Lewis Nkosi’s influence as both writer and critic has been profound as numerous reviews, references to his work and interchanges with his contemporaries confirm. However, given his at times harsh criticism of South African writing during the apartheid era, together with his exile from South Africa, his reputation within the country was for some time less secure than it was in America and Europe. His significance stems from the fact that he was, until his death, one of the very few surviving members of the Drum generation of writers of the 50s, one who continued to write throughout the apartheid and post-apartheid decades. Even into his seventies, he recorded and commented upon an extraordinary period of South African history. Nkosi was also remarkable for using a wide variety of genres to express his forthright views: critical essays, short stories, plays, novels, poetry, even a libretto.
Born in Chesterville, a Durban black township, Nkosi came from a working class, female-headed family. He was educated in various local schools, most notably an English medium mission school in Eshowe. After his first job as a manual labourer, Nkosi became a junior reporter on Ilange lase Natal newspaper under the influential Dhlomo brothers. He soon moved to Johannesburg to work on Drum magazine in 1956 which, though his time there was short, provided an intensely formative experience working in the company of Can Themba, Nat Nakasa and Bloke Modisane. Nkosi was awarded a Nieman Fellowship to Harvard in 1961, but was only granted a one-way exit permit to take this up; in effect, his life as an exile began here as his re-entry to South Africa was forbidden. From the United States, he went to London in 1964, becoming literary editor of New African magazine from 1965 to 1968. He was granted British citizenship and took an MA degree in English literature at the University of Sussex in 1976. Interrupting his doctoral studies to take up a lecturing position at the University of Zambia, Nkosi then embarked on an academic career which included tenures at universities in Africa, the United States and Europe.
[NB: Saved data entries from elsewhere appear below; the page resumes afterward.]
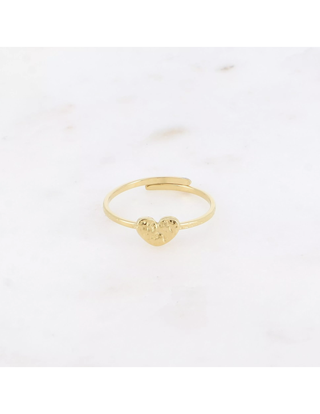 Cette bague fine et délicate est en acier inoxydable avec sur le dessus un petit coeur martelé.
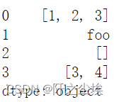 - s = pd.Series([[1, 2, 3], 'foo', [], [3, 4]])
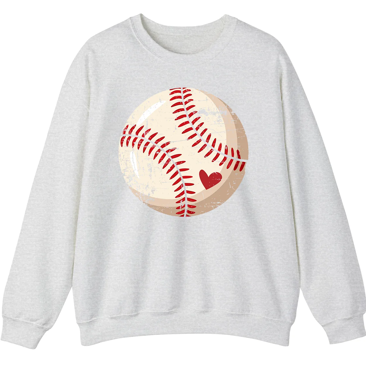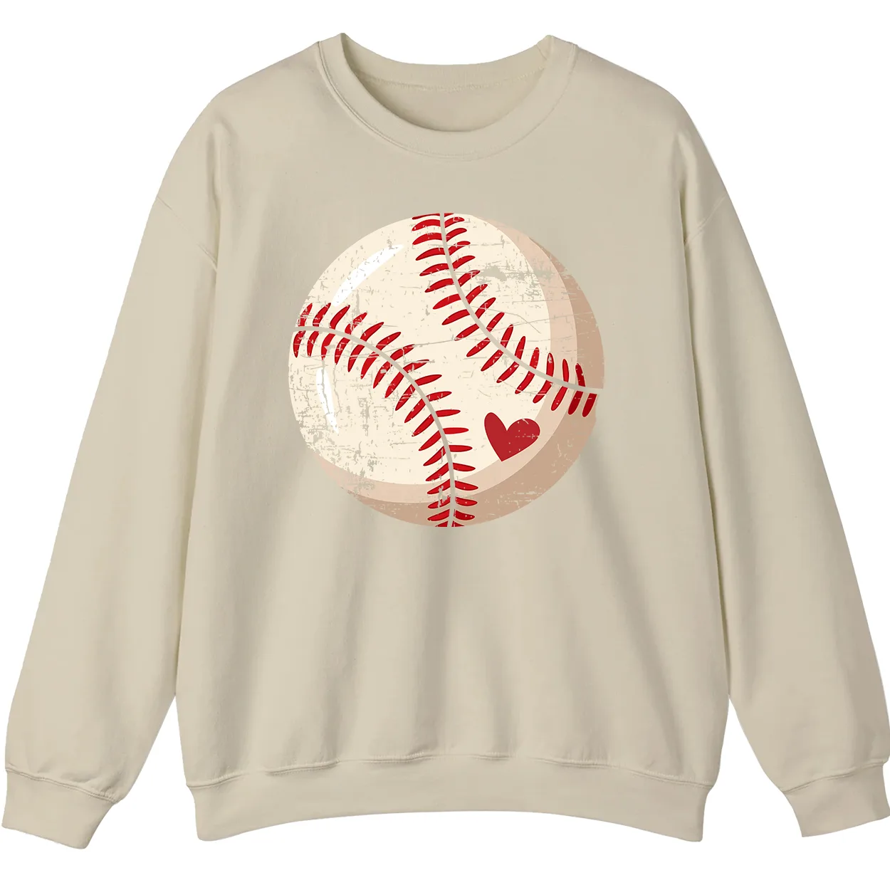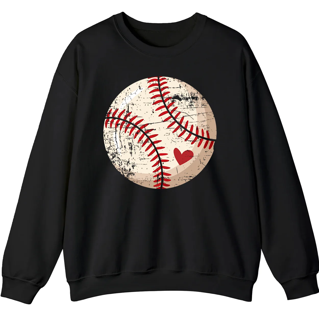 Vintage Baseball Heart Design Pullover Sweater Unisex

On retirement from academic life, he made Switzerland his base and became a sought-after speaker at conferences, valued as an astute critic of South African letters and politics.
His first return to South Africa since his exile was in 1991 to attend the New Nation conference; his first South African passport was granted in 2003. He was a regular visitor to his home country, however, unlike many black South African exiled writers of his generation, Nkosi flourished abroad making his home in his writing which, in the main, focused on South Africa. Though his name was almost unheard in South Africa during apartheid, his profile in recent years was raised with the publication of two novels (Underground People in 2002 and Mandela’s Ego in 2006), and the re-release of Mating Birds in 2004.
Nkosi’s style is a distinctive one, at odds with much of the naturalist writing that characterized South African black ‘protest’ fiction of the apartheid years. Influenced by the writing of Faulkner, Kafka and Joyce, Nkosi’s style is modernist, suggestive and symbolic. His loyalty to form and to the stringent demands of a modernist conception of art is evident in his critical essays, gathered into three collections: Home and Exile (1965), The Transplanted Heart: essays on South Africa (1975), and Tasks and Masks: themes and styles of African literature (1981). One of his best known essays, “Fiction by Black South Africans”, from the first collection, captures Nkosi’s forthright voice and rigorous approach – in it, he lambastes black writers for a lack of imagination, coupled with impoverished style, in their efforts to address the South African condition. His remarks predated the debate on the limitations of protest writing which Njabulo Ndebele and Albie Sachs both raised in 1984 and 1990 respectively. Nkosi did not limit himself to a critique of others’ efforts, but began his own creative writing career with a play, The Rhythm of Violence (1964), which deals with inter-racial infatuation and revolution in Johannesburg during apartheid. Though other plays followed, notably The Black Psychiatrist (1994) which has also been performed in French in Guadeloupe, and German in Switzerland, it is in the novel that Nkosi’s creative efforts have been most noticed.
His first published novel, Mating Birds (1983), related through the eyes of a black man on trial for raping a white woman, won the Macmillan/PEN prize and was widely reviewed and commended for its boldness. Underground People, a novel which looks wryly at the double dealings of those involved in the freedom struggle, followed. Originally published in Dutch as Der Vermissung in 1993, this novel appeared in English in 2002. Nkosi’s third novel, Mandela’s Ego (2006) involves a characteristic symbolic conceit – Mandela’s period of imprisonment parallels the protagonist’s loss of virility. On Mandela’s release, Dumisani is restored, the nation revives.
With Lewis Nkosi’s death, South Africa has lost a distinctive, dissonant but always acutely perceptive critic and creative writer who will be sorely missed.